Data segment:
----

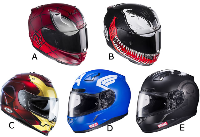 マーベルヒーローのグラフィックをあしらった、マーベル公式のヒーローグラフィックのヘルメットがHJCから発売されています。ベースとなったヘルメットのグレードで機能や価格が異なるのですが、ここではデザイン重視で自分が被ってもいいなというヘルメットを教えてください! (キッズ用の「アベンジャーズ」は除いています)
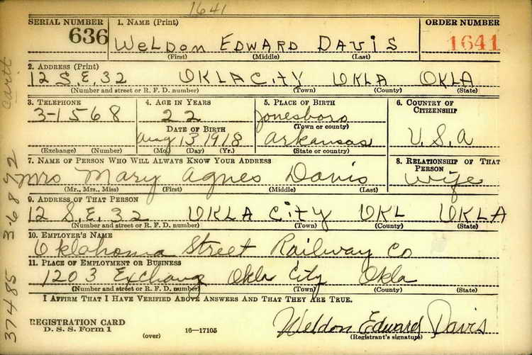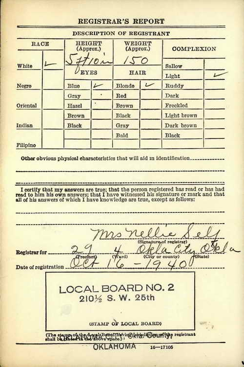 draft in Oklahoma City, OK on 16 October 1940. He had married Mary
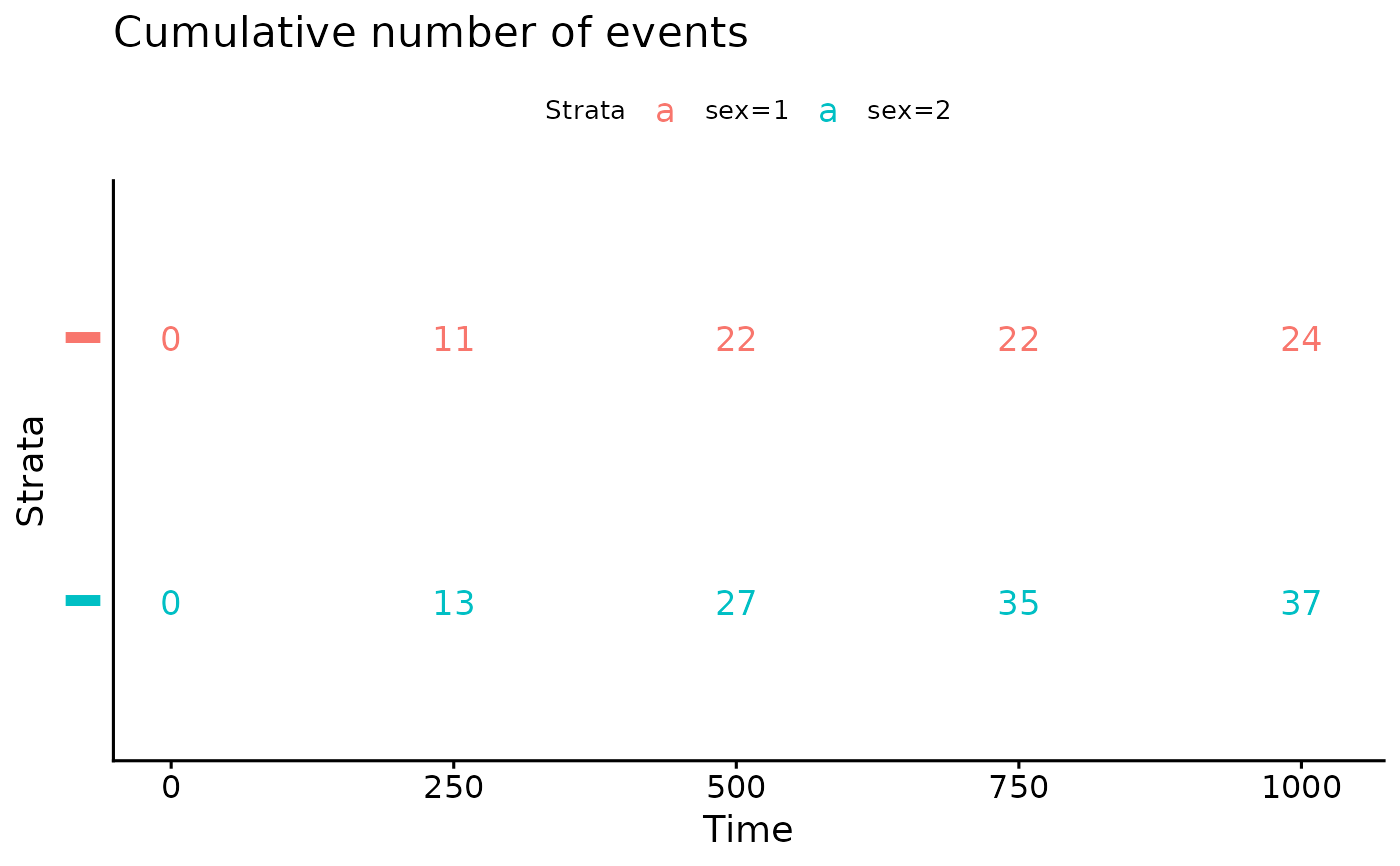 ggcumevents(): Plot the cumulative number of events table.

----

Work instruction: Drop the images; restate the listing exactly.

Response to this exercise:
 マーベルヒーローのグラフィックをあしらった、マーベル公式のヒーローグラフィックのヘルメットがHJCから発売されています。ベースとなったヘルメットのグレードで機能や価格が異なるのですが、ここではデザイン重視で自分が被ってもいいなというヘルメットを教えてください! (キッズ用の「アベンジャーズ」は除いています)
 draft in Oklahoma City, OK on 16 October 1940. He had married Mary
 ggcumevents(): Plot the cumulative number of events table.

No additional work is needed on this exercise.